The identity game of famous duos was part of the First-Year Student Outreach Project (FYSOP), a program that enables incoming freshmen to arrive on campus early, choose and learn about an issue, and spend three days volunteering throughout greater Boston; this year’s program wrapped up Friday. The game worked like this: about 25 freshmen, FYSOP staff, and people from the Boston nonprofit Partners for Youth with Disabilities (PYD) clustered in small groups with their alter egos’ names taped to their backs. No one could see his or her name, but everyone else could. With a little help from their friends, provided through clues and conversation, the small mystery was solved.

The lesson: turn to other people for help while offering insight, and learn about them while learning about yourself.

The exercise was a microcosm of a week’s worth of education, community service, and social networking, with more than 1,000 students participating. This year attracted the biggest crowd in FYSOP’s 20 years: 830 first-year student volunteers and 187 returning student staff. Freshmen divided into nine issue areas, children, elders, environment, gender focus, HIV/AIDS awareness, homelessness and housing, human rights, and hunger, attended a day of education, then fanned out for three days of community service at sites throughout greater Boston.

By week’s end, this year’s neophytes had morphed into next year’s veterans. “I really want to continue with FYSOP next year,” says Hannah Rooney (SED’13). “It’s been really eye-opening.”

Rooney, who grew up in Charlestown, Mass. — and was dubbed “Tom Cruise” for about 20 minutes on Wednesday — volunteered throughout high school. Even so, she says, she gained further insight into the challenges facing people with disabilities as a FYSOP volunteer.

Her group participated in a quadriplegic rugby game, and clambered into wheelchairs to experience the difficulty of using a bathroom in the Sargent Center. The group also worked with PYD to create birthday gift bags and cards for homeless children. “We met a lot of people who really showed us you can be comfortable with your disease, or you can let it take you down,” Rooney says.

Freshman volunteer Theja Channapragada (CAS’13) wanted to get a better feel for a possible career in medicine.

“In the medical field you interact with so many different types of people,” says Channapragada, from Springfield, N.J. “This allows me to interact with a lot of people with disabilities; it helps me reach out to them. It makes me feel good about myself and helps answer the question, hey, do I want this in the next seven, eight, nine years of my life?”

The answer, he says: yes.

The program costs $385, with scholarships available each year. Participating students are able to move into their dormitory rooms early, a FYSOP perk. For Channapragada, an early arrival is less important than community service. “I live all the way in Danielsen Hall,” he says. “There are maybe one or two other people from FYSOP. It gets a little lonely sometimes.”
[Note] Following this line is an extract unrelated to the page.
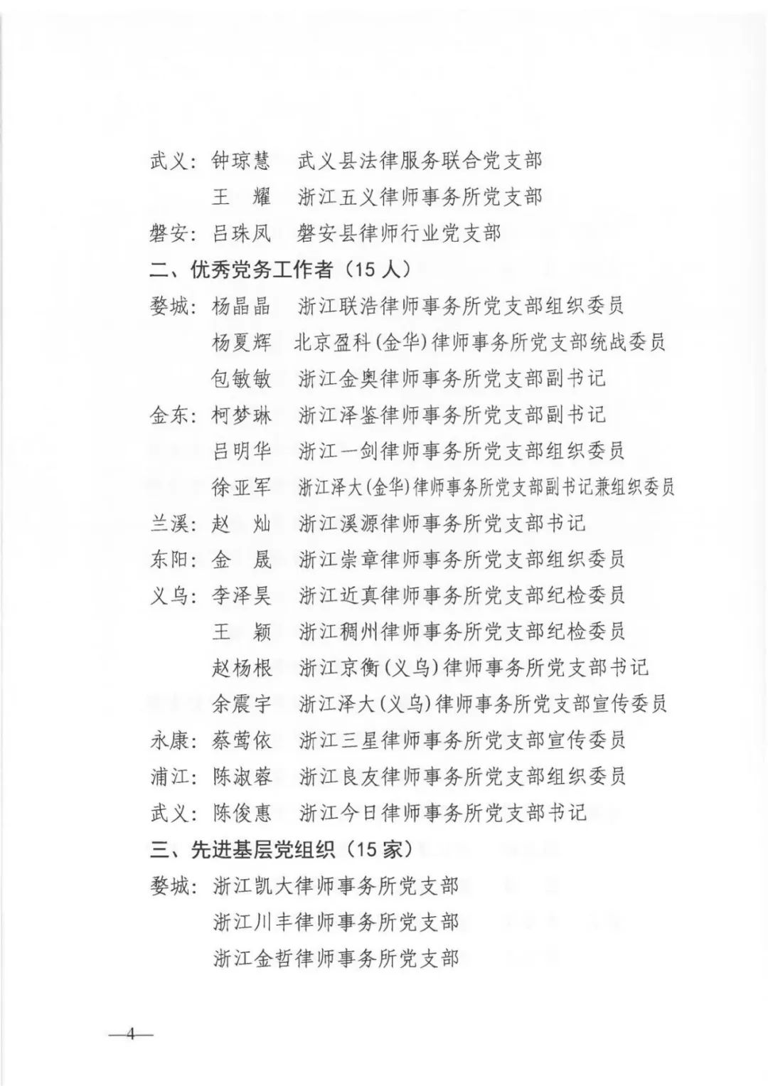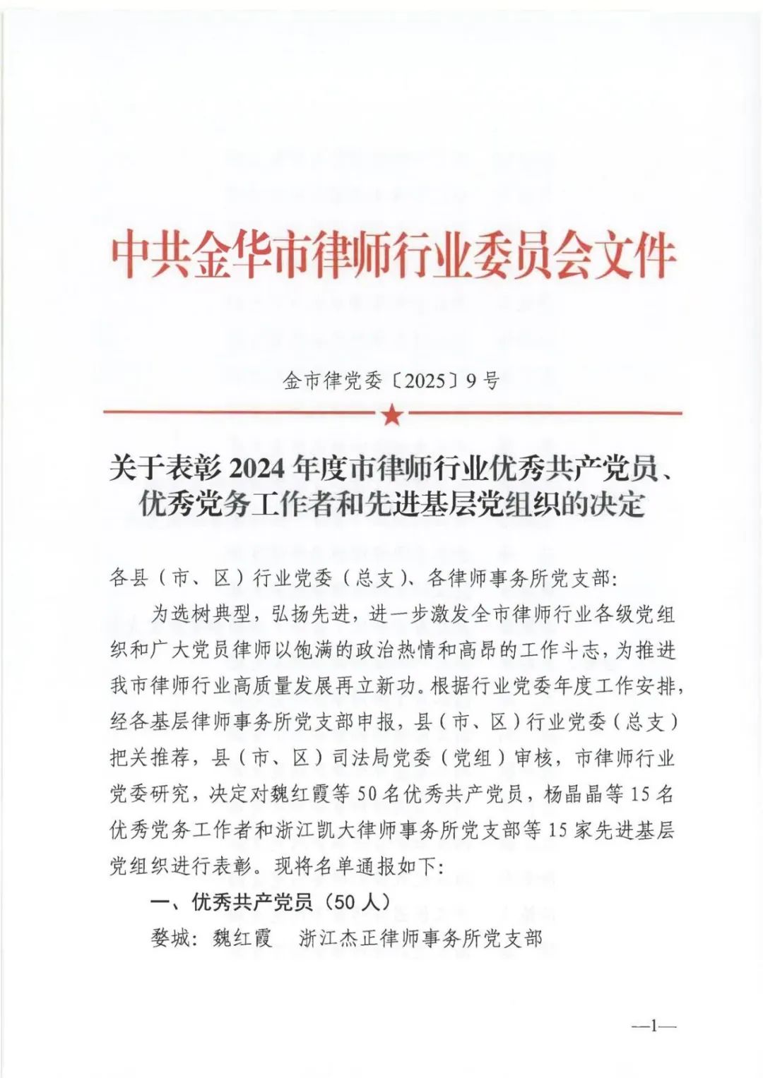 为选树典型,弘扬先进,进一步激发全市律师行业各级党组织和广大党员律师以饱满的政治热情和高昂的工作斗志,为推进我市律师行业高质量发展再立新功,2025年7月1日,金华市律师行业党委下发文件,决定对50名优秀共产党员、15名优秀党务工作者和15家先进基层党组织进行表彰。
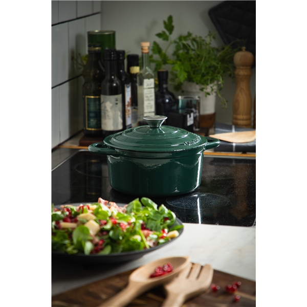 Emaljert støpejernsgryte. Utside med matt sort finish. En stor gryte som passer både for langkok og hverdagsmat. Fungerer på alle typer komfyrer og plater.Størrelse: 2,8 Liter.Material: Støpejern.

But overall, FYSOP was anything but lonely. More students than ever participated, setting a community service record of roughly 20,000 hours.

“I remember the number my freshman year; they were excited that 500 students were participating,” says FYSOP program manager Brandon Polcik (CAS’09). Last year saw 600 volunteers, and this year the number climbed to 830.

“We were a little overwhelmed,” says Polcik. He and Lindsey Wyld Kotowicz (SED’07), manager of BU’s Community Service Center, attribute the growth to better publicity, a longer application period, increased volunteerism overall, and more students talking up the program during campus tours.

Polcik, Kotowicz, and 18 paid student coordinators scrambled this summer to find new sites for volunteers; last year’s 69 sites weren’t enough to accommodate everyone. And finding enough student staff also required ingenuity — Polcik says he called graduated friends to help plug up holes.

“We got in here last Wednesday, August 19, and we’ve been training ever since,” says Mickey Geraghty (SAR’12), a staff member for the disabilities issue area. “We haven’t been getting much sleep.”

“I definitely want to come back next year,” he says. “We’ll have a couple of days, I think, where I’ll get to sleep in. And then I’ll start my classes.”

Polcik’s prediction for next year: 1,000 first-year students will participate.